High school football panel defines targeting in rules makeover

02/22/2014 10:57 PM

02/22/2014 11:03 PM

The National Federation of State High School Associations (NFHS) Football Rules Committee announced last week that it’s developed a definition for “targeting.”

Targeting has been a penalty in the NFL and college football since last season. It is whistled when a player strikes a defenseless opponent above the shoulders. Bruce Hulion, the South Carolina High School League’s commissioner of football officiating, said during a phone conversation Friday that the targeting call is not a new rule.

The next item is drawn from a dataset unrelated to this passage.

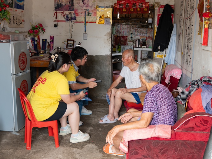 在国光社区、桥头集镇养老服务中心等地,团队举办多场“智惠课堂”,通过PPT展示,教老年人如何使用智能设备,以及如何利用手机更方便快捷地获取医疗服务。在“一老一小”亲子课堂中,队员们通过多场宣讲与实物表演,引导小朋友及其家长提高卫生健康意识,守护家庭健康。在驻村书记詹芳芳的带领下,实践团走访慰问国光社区的特困供养户,将大米、食用油等生活必需品送到他们手中,与他们亲切交谈,以实际行动弘扬“尊老、敬老、爱老、助老”的中华传统美德。在桥头集镇养老服务中心,团队成员还用镜头捕捉“最美夕阳照”,为老人们留下美好瞬间。

“We’ve had a rule in place, gosh, since I first started,” he said. “It’s an old rule that we had, but you know the nature of NCAA football and stuff, everybody sees that and the hot topic is targeting now so the federation added a definition of targeting. It doesn’t mean we have a new rule.”

Hulion, who was a football official for 39 years and has been with the SCHSL since 1999, was on a 51-member sub-committee that passed the targeting definition, as well as nine other rules and clarifications during its meeting in Indianapolis last month.

He asked the sub-committee, “ ‘Do we think that an emphasis on this or creating another rule that says pretty much the same thing as what we already have is going to change this?’ My opinion is it will not, but it got passed anyway.”

The NFHS has defined targeting this way in its new rule: “Targeting is an act of taking aim and initiating contact to an opponent above the shoulders with the helmet, forearm, hand, fist, elbow or shoulders.” The rule, which will be effective beginning with the 2014 season, went on to define a defenseless player as, “a player who, because of his physical position and focus of concentration, is especially vulnerable to injury.”

Bob Colgate, the NFHS director of sports and sports medicine, said in a press release last week that the Football Rules Committee determined it was important to highlight targeting.

“Taking aim with the helmet, forearm, hand, fist, elbow or shoulders to initiate contact above the shoulders, which goes beyond making a legal tackle, a legal block or playing the ball, will be prohibited,” he said.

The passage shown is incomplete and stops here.